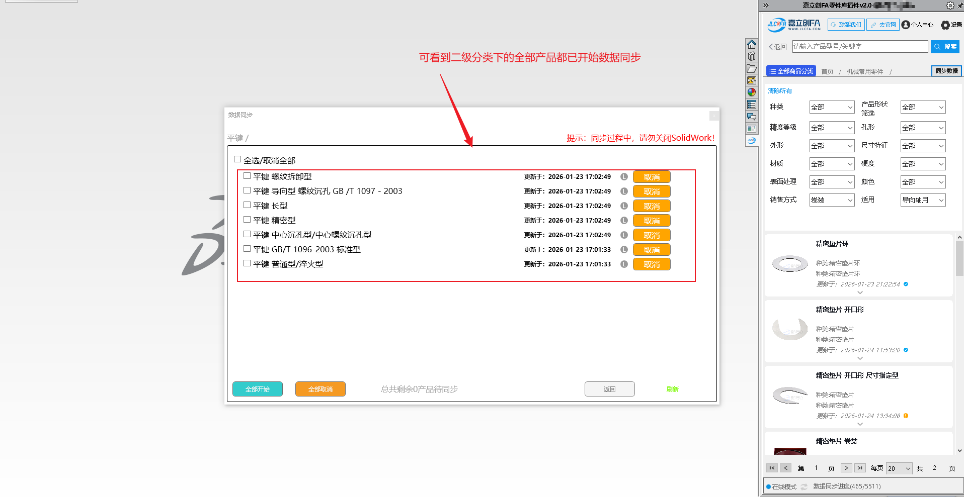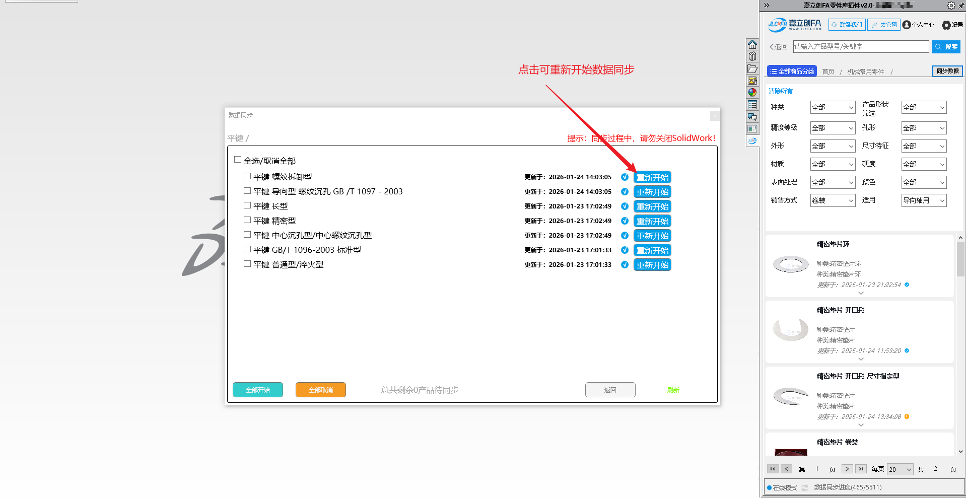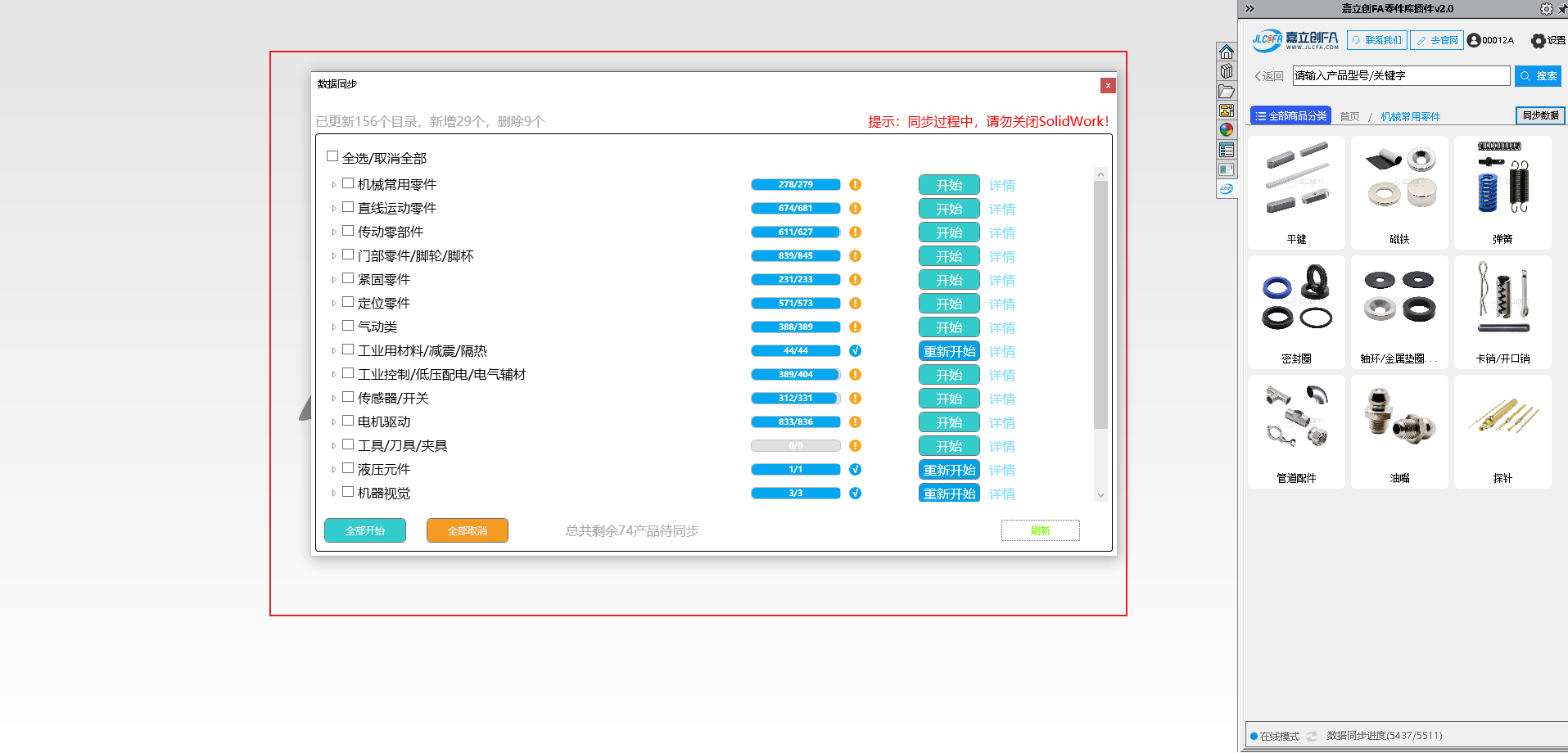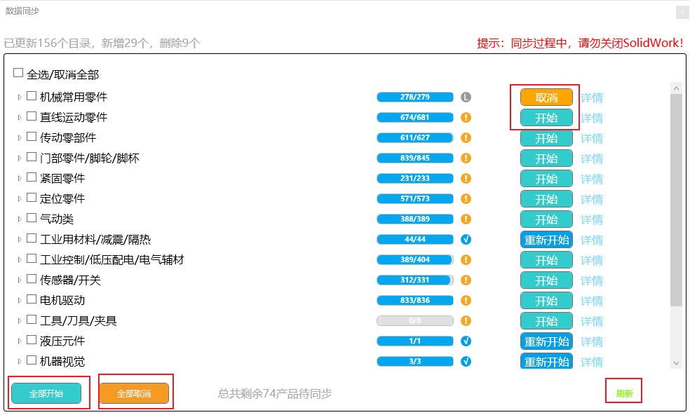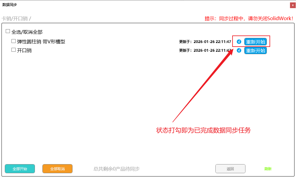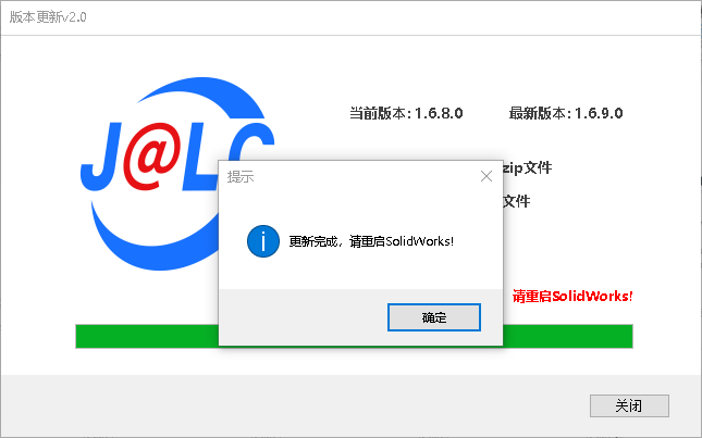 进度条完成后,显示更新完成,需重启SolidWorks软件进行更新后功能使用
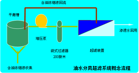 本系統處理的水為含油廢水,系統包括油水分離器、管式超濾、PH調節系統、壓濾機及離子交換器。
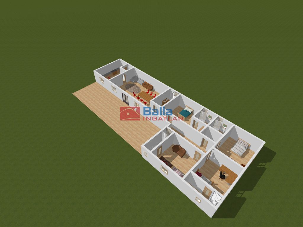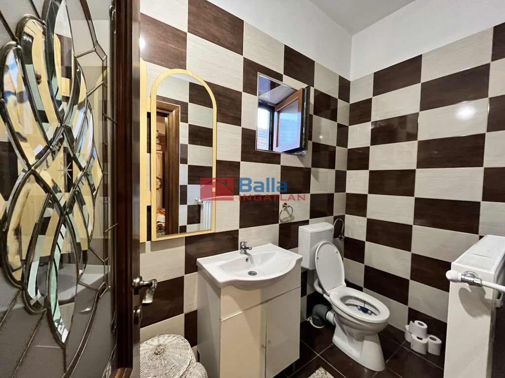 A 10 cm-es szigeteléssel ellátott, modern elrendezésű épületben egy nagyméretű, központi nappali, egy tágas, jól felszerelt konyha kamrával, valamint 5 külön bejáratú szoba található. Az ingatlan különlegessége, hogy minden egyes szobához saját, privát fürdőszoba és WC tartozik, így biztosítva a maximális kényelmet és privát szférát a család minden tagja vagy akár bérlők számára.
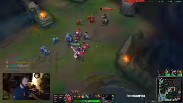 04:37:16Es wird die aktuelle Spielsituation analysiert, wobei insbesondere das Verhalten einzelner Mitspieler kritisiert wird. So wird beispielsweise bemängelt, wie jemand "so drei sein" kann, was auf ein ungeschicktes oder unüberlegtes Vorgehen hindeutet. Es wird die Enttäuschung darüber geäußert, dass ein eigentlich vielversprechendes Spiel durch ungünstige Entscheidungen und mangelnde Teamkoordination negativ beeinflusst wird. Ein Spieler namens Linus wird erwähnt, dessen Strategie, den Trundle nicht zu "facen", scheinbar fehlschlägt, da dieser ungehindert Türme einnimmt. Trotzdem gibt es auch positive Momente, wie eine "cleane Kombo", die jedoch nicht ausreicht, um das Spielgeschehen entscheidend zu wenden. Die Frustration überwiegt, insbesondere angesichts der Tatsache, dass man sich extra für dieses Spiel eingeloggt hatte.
______________________________
### What you have to do
Apart from the images, every line above needs to be printed again exactly.

### Result of this task
 进度条完成后,显示更新完成,需重启SolidWorks软件进行更新后功能使用
 本系統處理的水為含油廢水,系統包括油水分離器、管式超濾、PH調節系統、壓濾機及離子交換器。
 A 10 cm-es szigeteléssel ellátott, modern elrendezésű épületben egy nagyméretű, központi nappali, egy tágas, jól felszerelt konyha kamrával, valamint 5 külön bejáratú szoba található. Az ingatlan különlegessége, hogy minden egyes szobához saját, privát fürdőszoba és WC tartozik, így biztosítva a maximális kényelmet és privát szférát a család minden tagja vagy akár bérlők számára.
 04:37:16Es wird die aktuelle Spielsituation analysiert, wobei insbesondere das Verhalten einzelner Mitspieler kritisiert wird. So wird beispielsweise bemängelt, wie jemand "so drei sein" kann, was auf ein ungeschicktes oder unüberlegtes Vorgehen hindeutet. Es wird die Enttäuschung darüber geäußert, dass ein eigentlich vielversprechendes Spiel durch ungünstige Entscheidungen und mangelnde Teamkoordination negativ beeinflusst wird. Ein Spieler namens Linus wird erwähnt, dessen Strategie, den Trundle nicht zu "facen", scheinbar fehlschlägt, da dieser ungehindert Türme einnimmt. Trotzdem gibt es auch positive Momente, wie eine "cleane Kombo", die jedoch nicht ausreicht, um das Spielgeschehen entscheidend zu wenden. Die Frustration überwiegt, insbesondere angesichts der Tatsache, dass man sich extra für dieses Spiel eingeloggt hatte.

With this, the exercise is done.